The method 300 further comprises from computing respective energy of one or more frequency bands of the sound signal S, as indicated in block 304, and computing respective energy in one or more frequency bands of the modified sound signal S', as indicated in block 306. The method may optionally further comprise computing respective energy in one or more frequency bands of the background signal B, as indicated in block 308. Herein, the energy of the first sound signal S in the frequency band k (e.g. in the time-frequency tile S(k,n)) may be denoted as E_s(k,n), the energy of the modified first sound signal S' in the frequency band k (e.g. in the time- frequency tile S'(k,n)) may be denoted as E'_s(k,n), and the energy of the background signal B in the frequency band k (e.g. in the time-frequency tile B(k,n)) may be denoted as E_B(k,n). The method 300 further comprises attenuating the background signal 223 in those frequency bands k where the energy of the sound signal S is higher than the respective energy of the modified sound signal S', thereby deriving a modified background signal B', as indicated in block 310. As an example in this regard, the modified background signal B' may be derived by identifying those frequency bands where the energy E_s ( k,n) of the time-frequency tile S ( k,n) in the sound signal S is higher than the energy E'_s(k,n) of the time-frequency tile S'(k,n) in the modified sound signal S' and deriving the corresponding time-frequency tile B'(k,n) of the modified background signal B' as B'(k,n) = g_kB(k,n), where g_k denotes a scaling factor with g_k < 1, thereby providing an attenuated version of the corresponding time-frequency tile B(k,n) of the background signal 223. Moreover, the remaining time-frequency tiles of the modified background signal B' may be obtained as copies of the respective time-frequency tiles B(k,n) of the background signal B(k,n) (i.e. the ones for which the E_s(k,n) ≤ E' _s(k,n)) e.g. as B'(k,n) = B(k,n). Finally, the method 300 proceeds into deriving the spatial audio signal 125 as a combination of the modified sound signal S' and the modified background signal B', as indicated in block 312. In this regard, the spatial audio signal 125 may be derived e.g. as a sum, as an average or as another linear combination of the modified sound signal S' and the modified background signal B'.

Attenuation of the background signal 223 enables avoiding audible disturbances e.g. in a scenario where implementation of the respective audio effect to one or more of the at least one audio signal 221 results in energy reduction in one or more frequency bands and where, due to limitations of real-life implementations of the audio focusing procedures, some audio components intended for inclusion in the at least one sound signal 221 only remain in the background signal 223. In such a scenario, without attenuation of the background signal such audio components that may remain in the background signal could interfere with the audio effect applied for the corresponding sound signal via introduction of the respective modified sound signal, whereas attenuation of some frequency bands of the background signal 223 serves to reduce or even completely avoid such interference.
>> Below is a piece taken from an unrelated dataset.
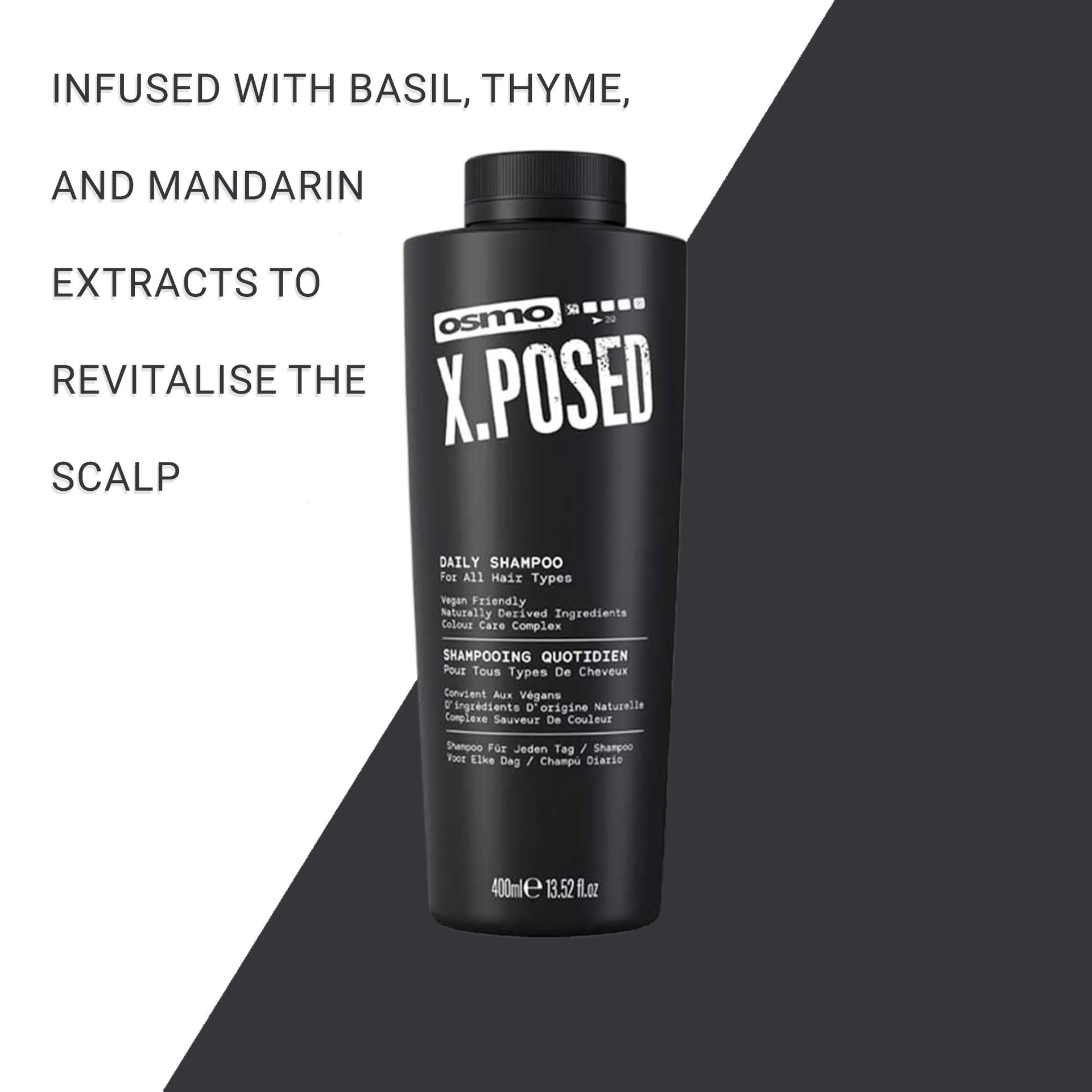 Osmo X.Posed Daily Shampoo is a gentle yet effective daily cleanser, formulated with 91% naturally derived ingredients, including Basil, Thyme, and Mandarin extracts. This refreshing shampoo helps to stimulate and revitalise the scalp, while promoting shine and vitality in your hair. With its invigorating citrus fragrance, it energises your hair day after day, leaving it feeling clean, fresh, and full of life. Perfect for those seeking a natural, eco-conscious hair care solution, this vegan-friendly shampoo is free from sulphates and parabens, ensuring it’s kind to both your hair and the environment. The formula works to maintain the natural balance of your scalp, providing hydration without any harsh chemicals. Available in both 400ml and 1000ml sizes, it’s ideal for daily use and suitable for all hair types. Whether you're looking to cleanse, refresh, or simply maintain healthy hair, this shampoo delivers outstanding results with every wash.

Referring back to operations pertaining to block 310, according to an example, the energy of the sound signal S may be considered to be higher than the respective energy of the modified sound signal S' in frequency band k response to the difference in respective energies in the frequency band k exceeding an energy difference threshold E_thr(k). assigned for the frequency band k. As an example in this regard, the energy of the sound signal S in the frequency band k may be considered to be higher than the respective energy of the modified sound signal S', in response to the energy E_s(k,n) of the time-frequency tile S(k,n) in the sound signal S exceeding the energy E' _s(k,n) of the time-frequency tile S'(k,n) in the modified sound signal S' by more than the energy difference threshold E_thr(k), e.g. in response to energy difference ΔE(k) = E_s(k,n) - E' _s(k,n) exceeding the energy difference threshold E_thr(k), i.e. when ΔE(k) > E_thr. Herein, the energy difference threshold E_thr(k) may be the same across frequency bands or the energy difference threshold E_thr(k) may be varied across frequency bands, for example such that the energy difference threshold E_thr(k) substantially matches a masking threshold for the respective frequency band. Herein, a masking threshold for a frequency band k represents the energy level required for an additional sound in order to make it audible in presence of another sound in the frequency band k. In an example, the respective energy difference threshold E_thr(k ) may be set to zero for one or more predefined frequency band or for all frequency bands in order to reduce computational complexity.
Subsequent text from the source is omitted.